The Rations and Quarters Merged Thread  


			
				cmdj1982 said:
			
		

> Just wondering if anyone currently in (or recently graduated) from ROTP has any idea of the current deduction off of pay for R&Q during their stay at RMC?


----------



## George Wallace (14 Jan 2016)

cmdj1982 said:
			
		

> Just wondering if anyone currently in or recently graduated) from ROTP has any idea the current deduction off of pay for R&Q during the stay at RMC? I have searched high and low and gotten some old figures here, but can't find any indication past posts from 2013...



As you are posting from a DWAN computer, can you not just turn around and ask your RMS staff for the latest figures?


----------



## MJP (14 Jan 2016)

George Wallace said:
			
		

> As you are posting from a DWAN computer, can you not just turn around and ask your RMS staff for the latest figures?

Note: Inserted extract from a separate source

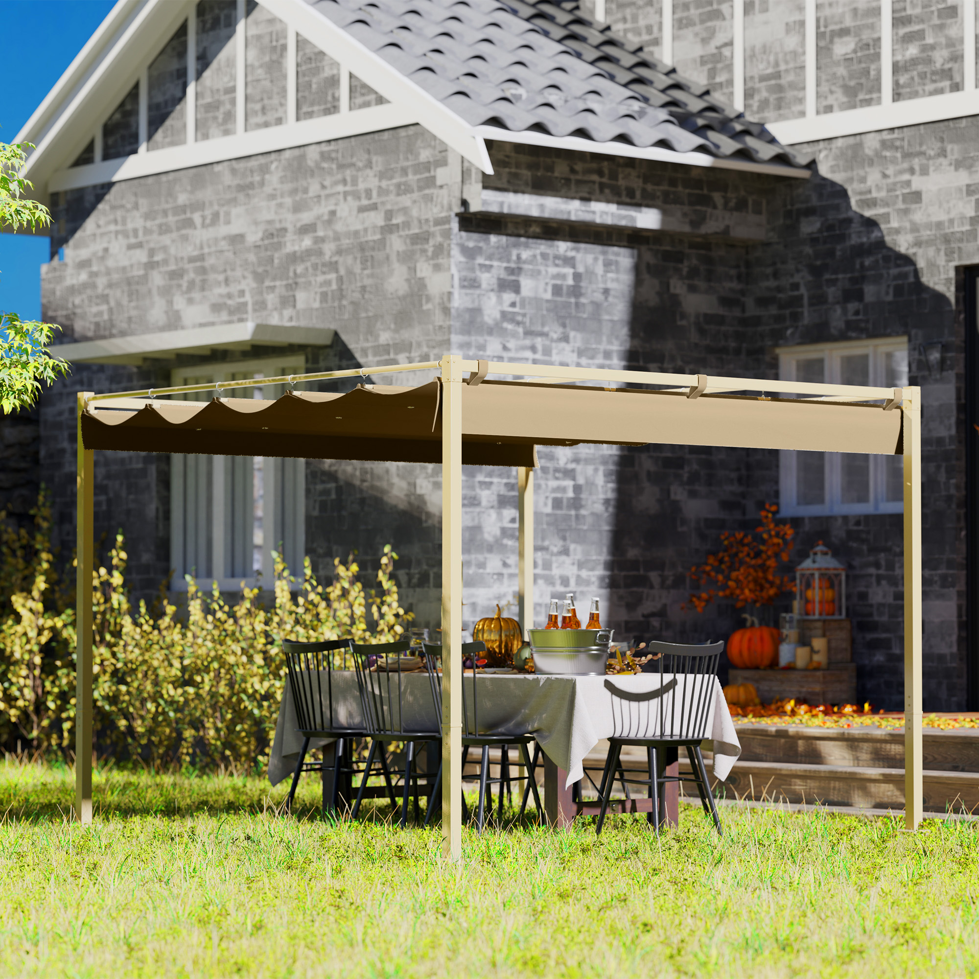 Create a shady and cool spot in the garden, anytime. Opt for this Outsunny 3 x 3 m pergola with roof. It's fitted with an adjustable canopy - slide it to a position you want, to let in as much or as little sunlight as you with; the hook fastenings keep it securely in place and allow smooth movement. It has a UV-resistant coating for safety in the sun. Fix it to either cement, grass or concrete surfaces, thanks to the included 8x ground stakes and 8x anchor bolts.

I didn't realize every building with a DWAN computer had a clerk that was up to date with the quarters costs for RMC. Must be a specialty course..... :not-again:


----------



## durhamcadet1 (26 Jan 2016)

cmdj1982 said:
			
		

> any idea the current deduction off of pay for R&Q during the stay at RMC



cmdj1982, It's about the same as you had seen in previous posts. About 750/month, leaving you about 500/month for personal use.


----------